Here’s what the patient’s journey looks like: when a patient enters, they initially communicate with a nurse in a virtual “waiting room” where their information (name, gender, DOB, temperature, weight, symptoms) are noted by the nurse. After this, they wait until the doctor is able to communicate with them.

In the language of roles, they will initially publish and subscribe to someone in the “nurse” role. Then, their role will be changed so that they publish and subscribe to someone in the “doctor” role.

Using 100ms, devs can map out this exact journey without writing a single line of code—just a few clicks on the dashboard.

To demonstrate roles in action, let’s put them to a test and visualize a user’s journey to the online “clinic”.

Using Roles to recreate a Patient’s Consultation Experience Online

Go to the 100ms dashboard by creating a new account for free.
Click on Create New. There are multiple templates to choose from, depending on your use case. For a simple video conferencing app, select the ‘video conferencing’ template. But we’ll go with something else for our app.

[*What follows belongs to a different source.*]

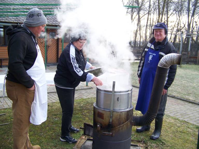 Zadišalo je po bujti repi, praženi ajdovi kaši z svinjskimi jetri, pečenem svinjskem mesu, krvavicah ter zelju s fižolom. Na voljo so imeli tudi domače vino in žganje, katerega so člani društva pridelali na Grüntu.
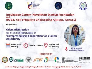 8 | 30th August 2025 | Orientation session on “Entrepreneurship and Innovation as a Career Opportunity” for B.Tech First Year students. | Conference Hall, Academic Block, REC Kannauj |  |

Select the ‘Create Custom App’ option.

This will let us access the ‘Create Roles’ option so that we can customize roles for our use case.

For a clinic app, we require 4 roles: consultation-admin, consultation-area, reception-admin, reception-area (details of each role explained below). Click ‘Add a Role’ and name them accordingly.

As soon as a new person enters the clinic, they’ll be assigned the “reception-area” role. When the doctor is ready, the role will be changed to “consultation-area”.

Now, we have created the four roles we require: consultation-admin, consultation-area, reception-admin, and reception-area.

Handling Permissions for each Role

100ms enables users to quickly and easily modify the permissions of different roles and subscription strategies, right from the dashboard.

In the example, here’s what each role entails:

reception-area: The role assigned to the patient when they first enter the online clinic. This role can publish and subscribe only to the “reception-admin” role.
reception-admin: The role assigned to the “nurse” who greets the patient and takes their info. This role can be published and subscribed to the other three roles. They can also change roles from “reception-area” to “consultation-area”. If needed, they can remove the person in the “reception-area” role from the meeting room entirely.
consultation-area: The role assigned to the patient when the doctor is ready to see them. The nurse in the “reception-admin” role changes the patient’s role from “reception-area” to “consultation-area” when the doctor is ready.
consultation-admin: The role assigned to the doctor. This role can publish and subscribe to the “consultation-area” and “reception-admin” roles. If needed, they can expel the person in the “consultation-area” role completely.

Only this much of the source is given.